> **Supplied material**
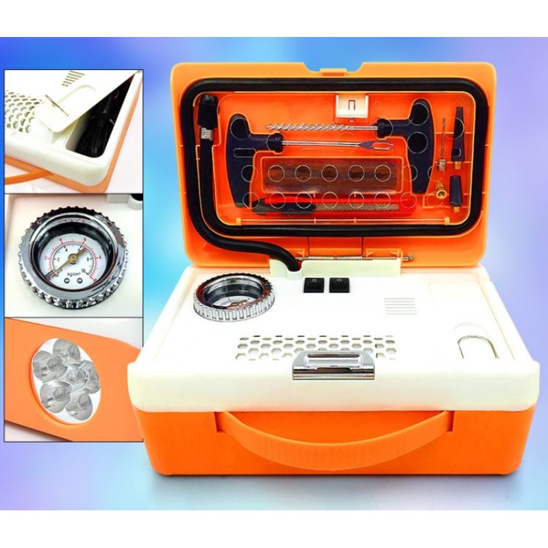 Φτιάξτε το λάστιχο του αυτοκινήτου σας ή της μηχανής σας επιτόπου, γρήγορα και αποτελεσματικά με αυτό το πλήρες σετ επιδιόρθωσης ελαστικών με ενσωματωμένο compressor ισχυρής παροχής 25Lt/m.
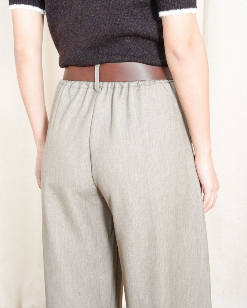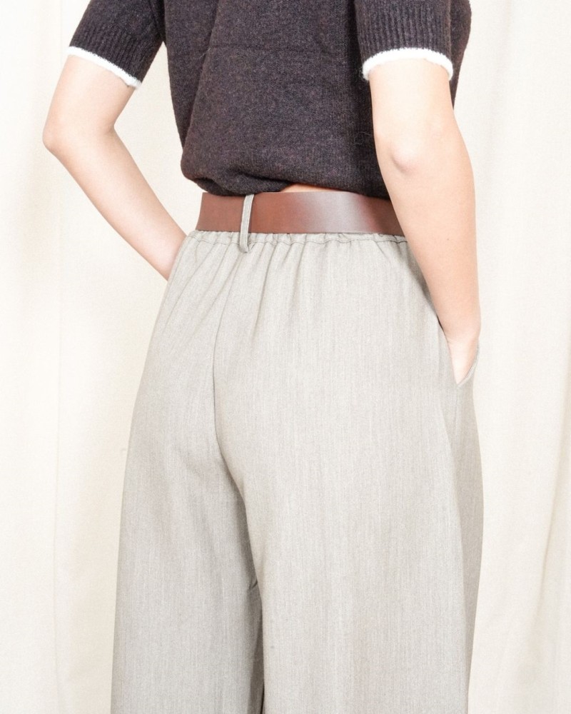 Doté de pinces à l’avant et d’une taille élastiquée au dos, il s’adapte facilement à toutes les morphologies et assure un tombé parfait.
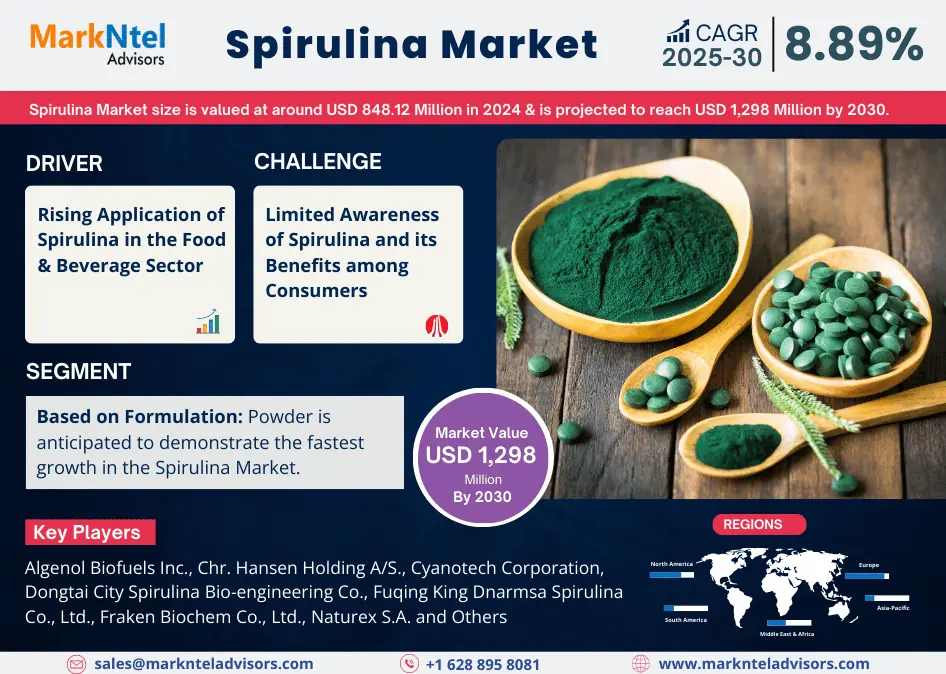 MarkNtel Advisors, a leading market research and consulting firm, has announced the release of its latest study titled Spirulina Market Research Report: Forecast (2025–2030). This report provides a detailed assessment of the Spirulina Market, covering its evolving dynamics, emerging trends, key growth drivers, major challenges, and competitive landscape.

> **The problem**
Leaving every picture out, repeat each line of the material exactly.

> **Reply**
 Φτιάξτε το λάστιχο του αυτοκινήτου σας ή της μηχανής σας επιτόπου, γρήγορα και αποτελεσματικά με αυτό το πλήρες σετ επιδιόρθωσης ελαστικών με ενσωματωμένο compressor ισχυρής παροχής 25Lt/m.
 Doté de pinces à l’avant et d’une taille élastiquée au dos, il s’adapte facilement à toutes les morphologies et assure un tombé parfait.
 MarkNtel Advisors, a leading market research and consulting firm, has announced the release of its latest study titled Spirulina Market Research Report: Forecast (2025–2030). This report provides a detailed assessment of the Spirulina Market, covering its evolving dynamics, emerging trends, key growth drivers, major challenges, and competitive landscape.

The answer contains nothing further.